Ей есть, ради чего жить.
— Этот мир прекрасен, и я люблю его, — говорит Люси едва слышно.
Он сжимает её плечи сильнее — всё ещё так, как ей не будет больно. Он никогда не причиняет ей боль, он уже говорил это, простыми словами или завуалированной клятвой — но говорил. От холода, одновременно мешаемого с безумной, нежной теплотой, колотит, а пальцы бледнеют. Люси держится за Бориса, словно за спасательный круг хватается утопающий. Она не открывает глаз, но видит его лицо. Она знает его достаточно хорошо, чтобы понимать, какую эмоцию Борис сейчас готов ей показывать.

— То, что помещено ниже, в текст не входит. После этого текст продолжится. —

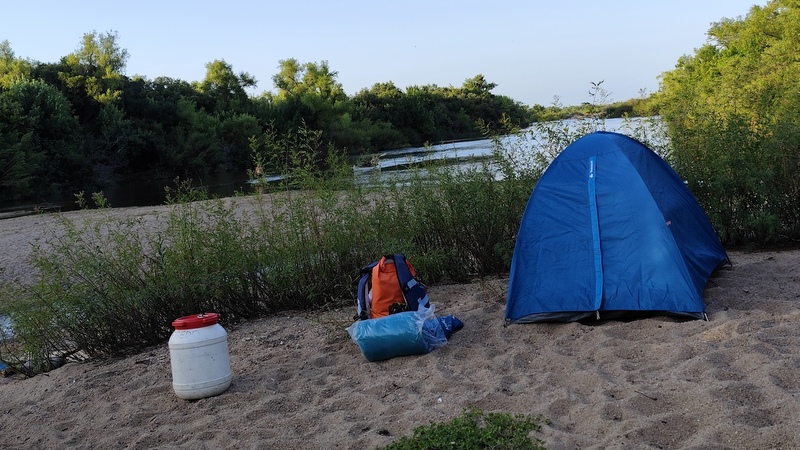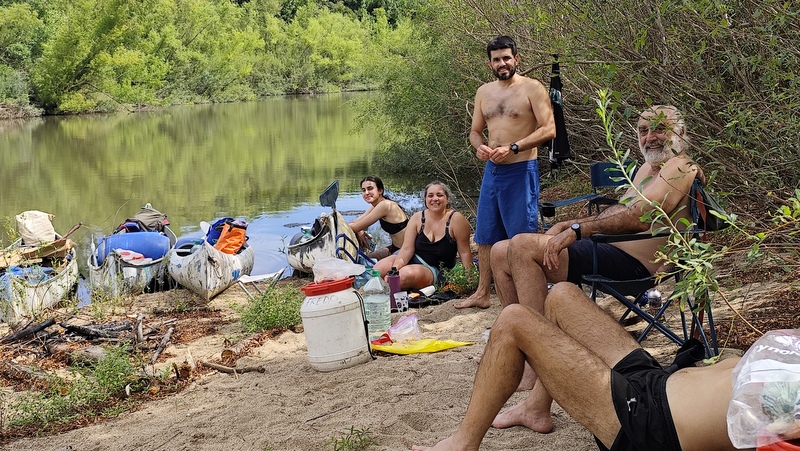 Paramos a almorzar en un campamento de monteadores, en una playa debajo de un gran sauce, teníamos pre pizzas que habíamos dejado prontas la noche anterior, llega un mensaje a mi celular y era Mariana periodista de Brecha que quería hacer un artículo sobre el Santa Lucía, porque le parecía importante volver a poner el foco ahí, dado todo el debate sobre el Proyecto Neptuno, le conté lo que estábamos haciendo y quedó muy entusiasmada para llamar a Marcel el lunes. En realidad, el primer relato de la travesía salió en el Semanario Brecha en un artículo de Mariana Contreras y se llamó: Con Marcel Achkar, director del Instituto de Ecología y Ciencias Ambientales de la Facultad de Ciencias «El Santa Lucía tiene un potencial tremendo». Comenzando así: Días atrás estuvieron recorriendo el río Santa Lucía en canoa, ¿con qué se encontraron? Lo pueden leer en el link: https://brecha.com.uy/el-santa-lucia-tiene-un-potencial-tremendo

— Я люблю тебя, — произносит он глухо. — И не отдам тебя жестокости. Мир ещё и жесток.
— Я знаю.
— Я обещал беречь тебя.
Потерянность гложется отголосками. Губы накрывают губы, горько и мягко, не как всегда. Люси всё ещё видит перед глазами облик супруга, хотя даже так понимает: не суждено. Они странные. Они не могут жить спокойно. Они всегда будут отчаянно и безнадёжно сражаться за себя и свою свободу. Странные — единственные птицы в общей клетке, что видят вокруг решётку. Нормальным зачастую спокойнее прятаться за железными прутьями.
— Ты бережёшь меня даже своим существованием, — шепчет Люси. Голос её подводит. Губы дрожат. — И мне не нужно другой защиты. Все помнят, за что готовы умереть. Я умру за тебя, если понадобится.
— Мне не нужно, чтобы ты за меня умирала.
Люси касается своего живота. Плоского, крепкого, но обретающего с каждым часом очертания всё мягче. Это не займёт много времени. Теперь на счету каждая секунда, и Люси знает, на что их всех тратить — так, чтобы не сожалеть. Она тоже кое-что обещала. Она обещала забрать его боль, разделить вместе с ним.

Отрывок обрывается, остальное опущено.